Date of Award
Bachelor of Education Honours
School of Education
Faculty of Community Services, Education and Social Sciences
Dr Russell Waugh
The purpose of this study was to examine children’s attitudes towards Aboriginal and Non-Aboriginal peers with Conduct Disorder. A 2 x 2 x 2 factorial design was used to test the hypotheses. The three independent variables were: (a) Ethnicity of the target student (aboriginal/ Non-Aboriginal) described in a vignette, (b) disability or the target student (no disability/ conduct disorder) described in a vignette; and (c) the gender of the participants. A sample of 216 Year 6 students was divided into four groups each containing 27 girls and 27 boys and an attitude questionnaire was administered.
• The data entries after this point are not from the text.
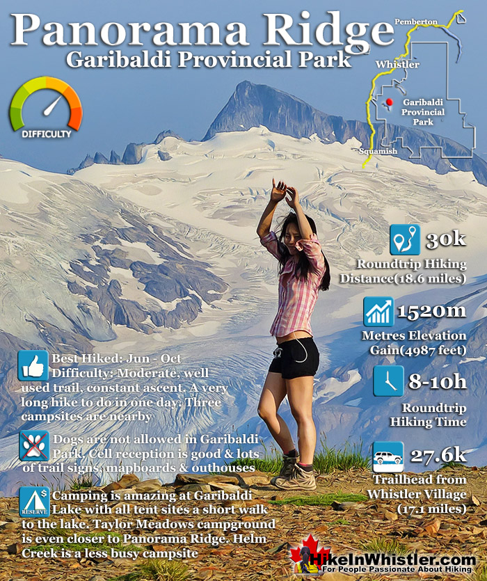 The amazing views start once you reach Taylor Meadows and get even more spectacular as the trail progresses. Once you arrive at Panorama Ridge and its phenomenal vantage point, high above Garibaldi Park, you will stare in wonder. Mesmerized first by Garibaldi Lake, far below you and looking unnaturally blue, the lake looks amazing surrounded by green, untouched wilderness and snow capped mountains. The Table, the massive and unusual looking mountain with its bizarre flat top lays across the lake with the enormous Mount Garibaldi just beyond. In the distance, where Garibaldi Lake ends, a massive glacier rises out of the blue and jagged crevasses can be seen even from such a great distance. Behind you, Black Tusk lays across the valley. Close to the same elevation as Panorama Ridge, you get this wonderful view of it. Certainly the best and closest viewpoint to this iconic mountain. Panorama Ridge sits, along with Black Tusk in the midst of some of the most popular and beautiful hiking trails in Garibaldi Provincial Park. There are two main trailheads for Panorama Ridge, Cheakamus Lake and Rubble Creek. Rubble Creek is the more popular starting point as it is a bit shorter, far more scenic and allows for the inclusion of the trail to Garibaldi Lake and the beautiful Taylor Meadows as well as Black Tusk. The trail to Panorama Ridge from Rubble Creek is not so much difficult as it is long. 30 kilometres makes for a long 8-10 hour roundtrip hike. Staying overnight, therefore is a great idea. There are several excellent options for camping in the valleys around Panorama Ridge. The beautiful though often crowded Garibaldi Lake campsite, the less crowded and also beautiful Taylor Meadows campsite, the seldom crowded and serene Helm Creek campsite (located on the Cheakamus Lake side of Black Tusk). Panorama Ridge stretches for 1.5 kilometres, then drops into an expansive meadow down to Garibaldi Lake and access to the Burton Hut at the far end of the lake. The hut is little used in the summer due to its remoteness. This route, via Panorama Ridge, is the best way to reach this difficult to reach hut in the summer.
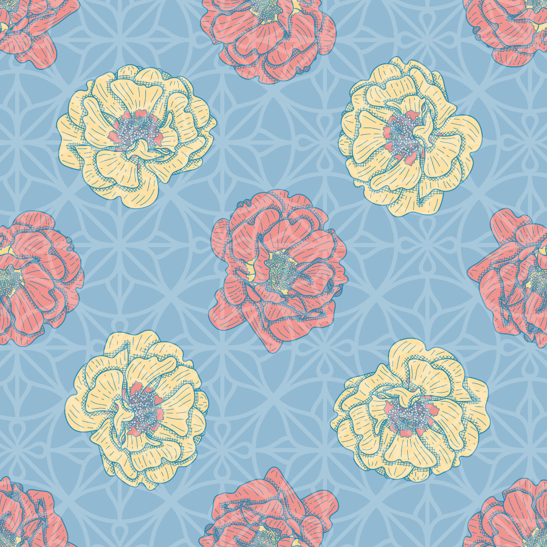 Portulaca Grandiflora Blossoms Vector Background Pattern
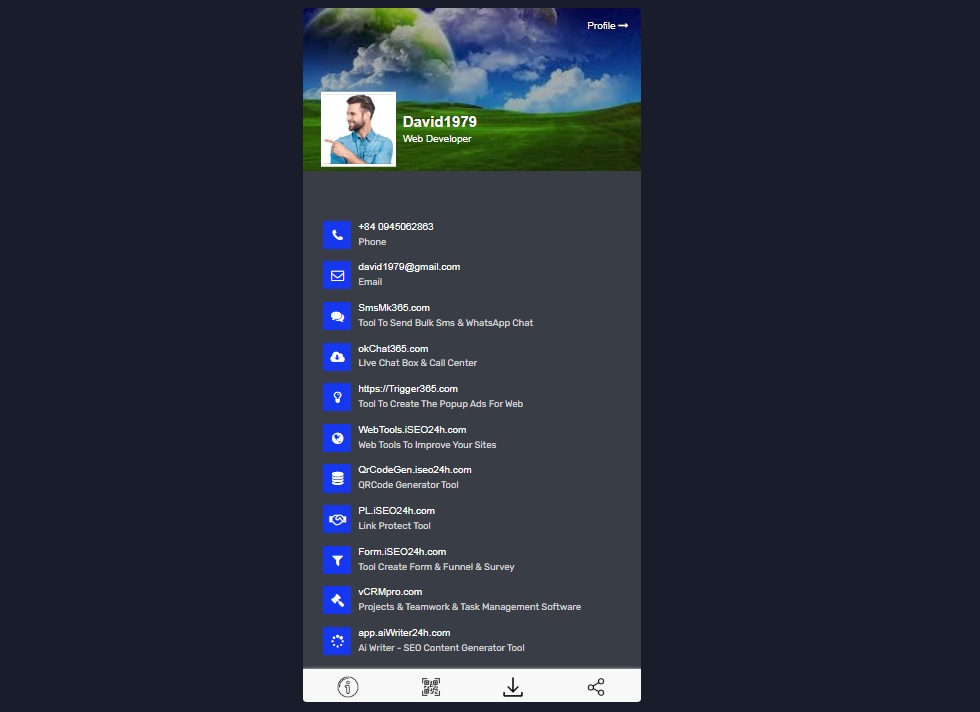 + Create Digital Business Cards and Digital Profiles: Enables users to create professional digital business cards and digital profiles, helping clients understand and trust them better, thereby increasing business opportunities.

The attitude survey measured two dependent variables (a) attitude to working with the target student in class, and (b) attitude to socialising with the target student in school. The two dependent variables measured the extent to which the students would like to interact with the target child in the two contexts. There were no significant interactions. A significant main effect was found for the variable of ethnicity for the (a) working-in-class variable but not for the variable (b) socialising-in-school context, indicating that the participants displayed a more positive attitude toward the target student who was described as Aboriginal in the socialising-at-school context rather than the target student who was described as Aboriginal in the working-in-class context. A main effect was found for the independent variable of conduct disorder for both contexts, indicating that the participants displayed a more positive attitude toward the target student who did not display the behaviours typical of a child with a conduct disorder than the child who did. There was no significant difference between the responses of the male and female participants.